■ **Problem to work on**:
A faithful transcription is wanted of the lines from the top of the material through the line that holds "Premium Leather: Top-grain", both ends included, leaving out the pictures.

◆ ◆ ◆ ◆

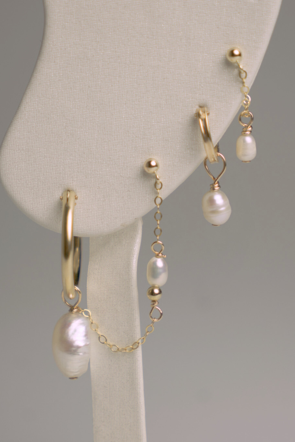 The Margaret Hoops, but better! These pearl hoops are connected to a stud by chain and pearls, perfect for multiple piercings.
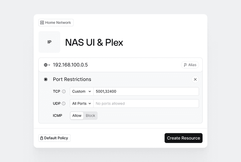 There is no strict requirement around the number of services defined in a single Resource. We could create a Resource for NAS - UI and a separate one for NAS - Plex. However, since both services are hosted on the same server and both services are available to the same Groups, let’s create a single resource for both services.
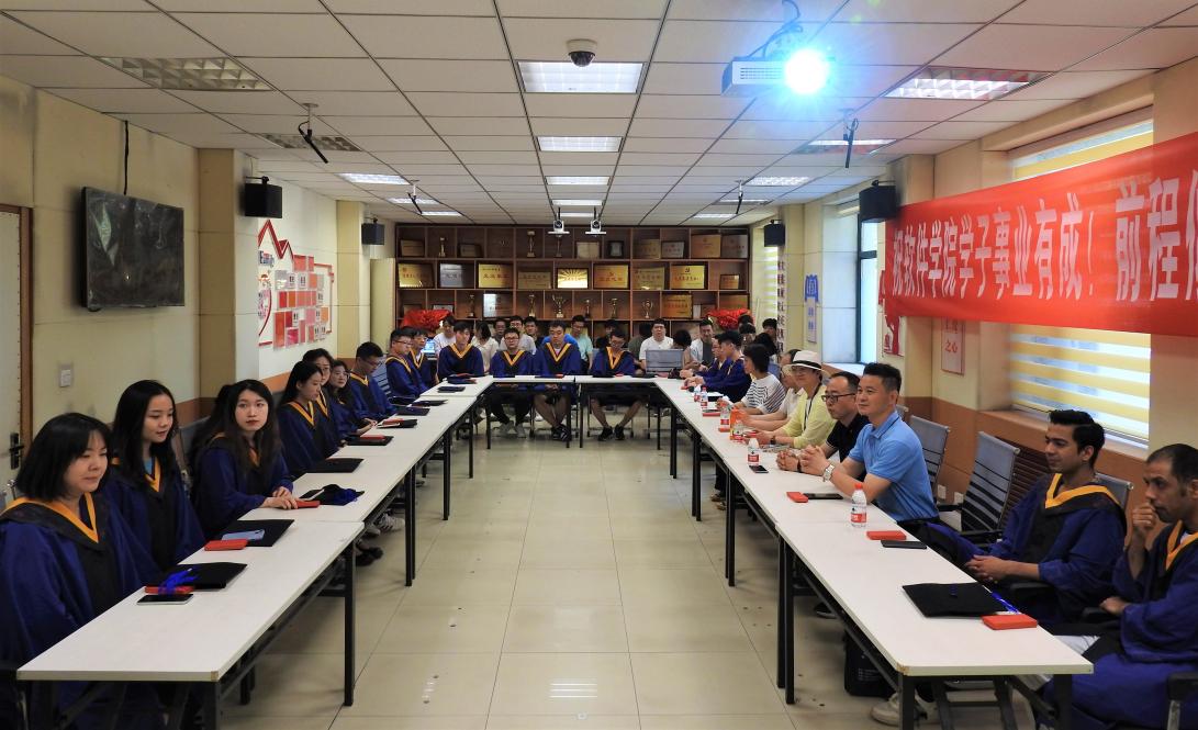 毕业研究生欢送会在学院122会议室举行。院党委书记孙豫峰、院长宋文爱、副书记高宏图、副院长李众、班主任魏跃亲参加了活动。
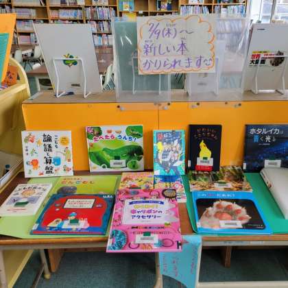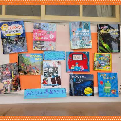 新しい本の紹介が、分かりやすく掲示されています。子ども達は、うれしそうに本を手にとって見ています。
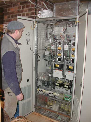 Der 21-KW-Generator auf dem Kappboden der Bardowicker Windmühle wird über eine Keilriemenscheibe direkt von der Königswelle angetrieben |
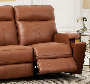 Premium Leather: Top-grain leather is upholstered on the seating areas and armrests. Leather match is used on the sides and back.
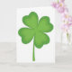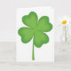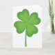 This card features a single three-leaf shamrock centered on a stark white background, with each leaf shaped like a soft heart that leans toward the others like close friends sharing a quiet moment 💚. The green shifts gently from a lighter spring tone along the upper curves to a deeper emerald near the lower edges, giving the clover a smooth, rounded look. A slim stem drops straight down from the meeting point of the leaves, keeping the design grounded and tidy. The lighting is suggested through subtle shading rather than sharp contrast, so the leaves look slightly raised instead of flat. A short St. Patrick’s Day greeting sits near the top in green lettering, leaving plenty of open space around the symbol. Smaller matching text appears near the bottom in a lighter green, aligned neatly under the stem. The overall layout stays centered and uncluttered, with the shamrock occupying most of the space and a tiny ☘️ accent near the lower corner.
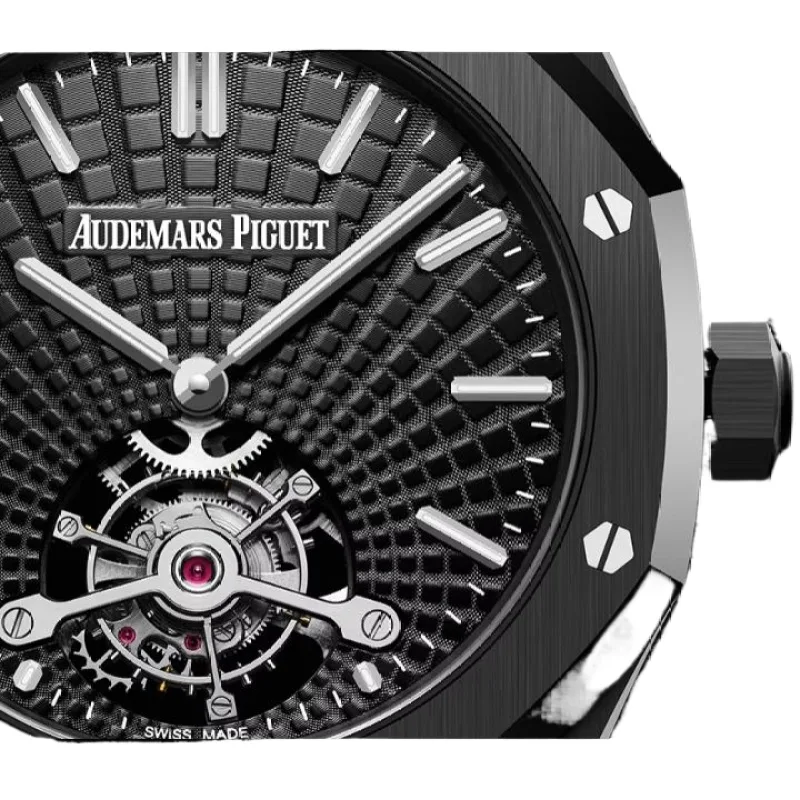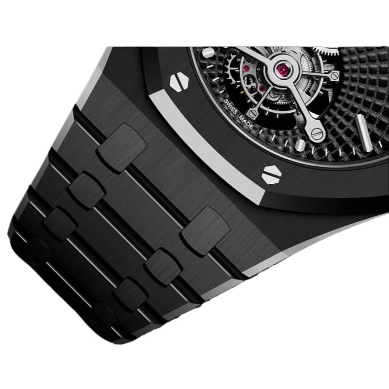 The Audemars Piguet Royal Oak Tourbillon Extra-Thin 26522CE.OO.1225CE.01 is a sleek and innovative timepiece, combining cutting-edge materials with high horology. Crafted entirely from black ceramic, the 41mm case features the iconic octagonal bezel and a mix of satin-brushed and polished finishes, showcasing the refined craftsmanship of the Royal Oak collection.
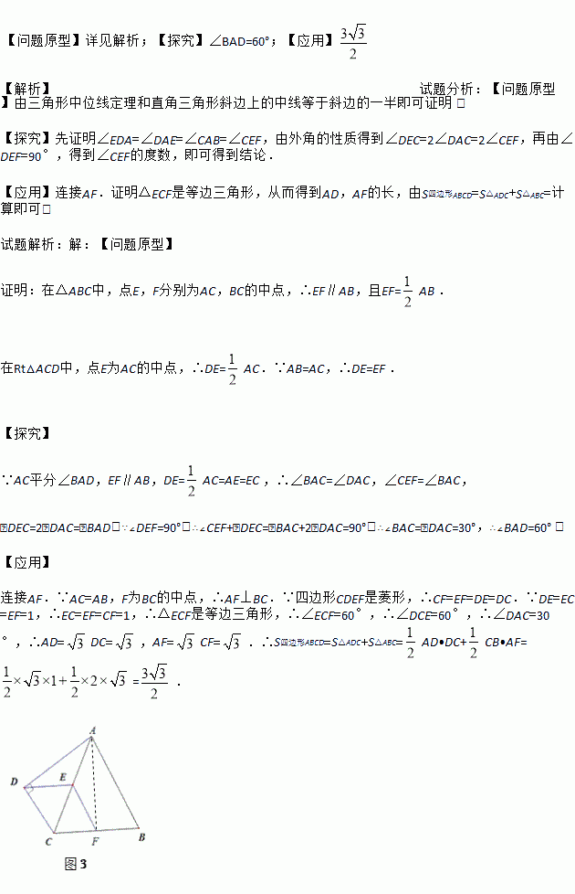【探究】如图2,在问题原型的条件下,当AC平分∠BAD,∠DEF=90°时,求∠BAD的大小.

◆ ◆ ◆ ◆

■ **Exercise output**:
 The Margaret Hoops, but better! These pearl hoops are connected to a stud by chain and pearls, perfect for multiple piercings.
 There is no strict requirement around the number of services defined in a single Resource. We could create a Resource for NAS - UI and a separate one for NAS - Plex. However, since both services are hosted on the same server and both services are available to the same Groups, let’s create a single resource for both services.
 毕业研究生欢送会在学院122会议室举行。院党委书记孙豫峰、院长宋文爱、副书记高宏图、副院长李众、班主任魏跃亲参加了活动。
 新しい本の紹介が、分かりやすく掲示されています。子ども達は、うれしそうに本を手にとって見ています。
 Der 21-KW-Generator auf dem Kappboden der Bardowicker Windmühle wird über eine Keilriemenscheibe direkt von der Königswelle angetrieben |
 Premium Leather: Top-grain leather is upholstered on the seating areas and armrests. Leather match is used on the sides and back.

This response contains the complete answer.